Starting point is 01:12:26 He had some Vienna beef with Chicago. Oh. You see, back in 1893, the U.S. government chose Chicago over St. Louis to host the 1893 World's Fair, which, by the way, that World's Fair celebrated the 400-year anniversary of Columbus discovering America. Oh, wow. Did you know he discovered America? I was taught that in school, sadly. I don't even think he got close to what we know as America. Also, you can't discover something that people already know about.
Starting point is 01:13:06 Yeah, great point, Kristen. That's the rule. And since being scorned all those years ago, David Francis had worked his ass off to ensure that St. Louis would have their own world's fair. And now that they finally had one, Chicago. decides to host the Olympics. Fucking Chicago. And also, David Francis couldn't believe that Pierre de Coubertan didn't advocate for St. Louis, which was a historically French city.
Starting point is 01:13:36 Yeah, but Pierre de Coupertone, well, I guess he doesn't know that Pierre de Cuperton or whatever wanted to take a big nasty dump all over St. Louis. He was so resentful of it. He did how much he hated St. Louis. Yeah. So David Francis came up with a plan. He did something really devilish. also kind of brilliant this guy was a politician in July of 1902
Starting point is 01:14:00 David Francis called up little schemie boy James Sullivan head of the amateur athletic union and he was like hey buddy the St. Louis World's Fair it's gonna be huge
Starting point is 01:14:15 and we would love it if we could have some athletic competitions at this World's Fair and we want a America's best competing. So, how about if the amateur athletic union run all the sporting competition at the World's Fair? And better yet, how about you guys host your track and field national championships at the St. Louis World's Fair? Also, Mr. Sullivan, we're building a brand new stadium that can hold 19,000 people.

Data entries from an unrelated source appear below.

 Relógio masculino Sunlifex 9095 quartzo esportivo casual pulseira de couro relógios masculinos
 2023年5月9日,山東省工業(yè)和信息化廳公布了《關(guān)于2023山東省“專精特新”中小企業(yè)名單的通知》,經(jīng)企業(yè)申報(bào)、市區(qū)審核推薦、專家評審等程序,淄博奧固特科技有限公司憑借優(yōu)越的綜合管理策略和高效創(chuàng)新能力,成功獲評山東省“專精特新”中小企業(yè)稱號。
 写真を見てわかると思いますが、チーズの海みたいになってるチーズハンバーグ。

Starting point is 01:14:46 It's going to be great. And we expect millions and millions of people to attend the World's Fair. imagine the exposure and the glory for these athletes. That is brilliant. That is absolutely brilliant. Well, James Sullivan was delighted to receive this call. Of course he was. He had a personal vendetta against the Olympics and Pierre de Coubertone.

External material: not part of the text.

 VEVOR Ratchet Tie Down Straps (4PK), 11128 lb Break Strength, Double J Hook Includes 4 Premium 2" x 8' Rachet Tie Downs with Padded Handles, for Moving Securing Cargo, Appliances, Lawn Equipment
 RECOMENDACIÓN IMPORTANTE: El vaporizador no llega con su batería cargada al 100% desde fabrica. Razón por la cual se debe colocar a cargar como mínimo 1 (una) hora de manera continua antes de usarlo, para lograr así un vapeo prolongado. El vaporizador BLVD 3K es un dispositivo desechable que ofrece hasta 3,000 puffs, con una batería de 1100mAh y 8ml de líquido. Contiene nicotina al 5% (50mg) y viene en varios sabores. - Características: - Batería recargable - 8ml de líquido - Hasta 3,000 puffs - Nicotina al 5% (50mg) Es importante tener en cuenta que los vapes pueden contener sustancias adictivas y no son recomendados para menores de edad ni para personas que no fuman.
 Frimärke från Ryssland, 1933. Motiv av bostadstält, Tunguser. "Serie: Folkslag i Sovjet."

Starting point is 01:15:14 Why, of course, the amateur athletic union will run the events at the St. Louis World's Fair. and also we would love to host our national championships there too. When the Chicago Olympic Committee heard this news, they got real nervous, Kristen. Well, sure. So one member of the committee wrote to another, as the amateur athletic union virtually controls athletics in the United States, this would seriously injure the Olympic Games.
Starting point is 01:15:47 Yeah, we're going to be so embarrassed. We're going to be hosting the Olympics and we're not going to win any medals. because all of our best athletes are going to be in St. Louis. You got it. Eating toasted raviolis. Oh, I didn't run too well today. Probably all had toasted ravioli and proval cheese. So the Chicago Olympic Committee, they went to France to talk to daddy, Pierre de Couvertone.
Starting point is 01:16:11 And they were like, help, help. St. Louis is hosting the amateur athletic union championships at the World's Fair. This is going to jeopardize the Olympics. What are we going to do? And Coupertone was like, look, we're already pretty far ahead on this thing. I mean, I'm sure you guys have already secured funding. You've started building that kick-ass new stadium with the retractable roof. Well, the Chicago Olympic Committee was like, well, actually, we're kind of having trouble getting money for this.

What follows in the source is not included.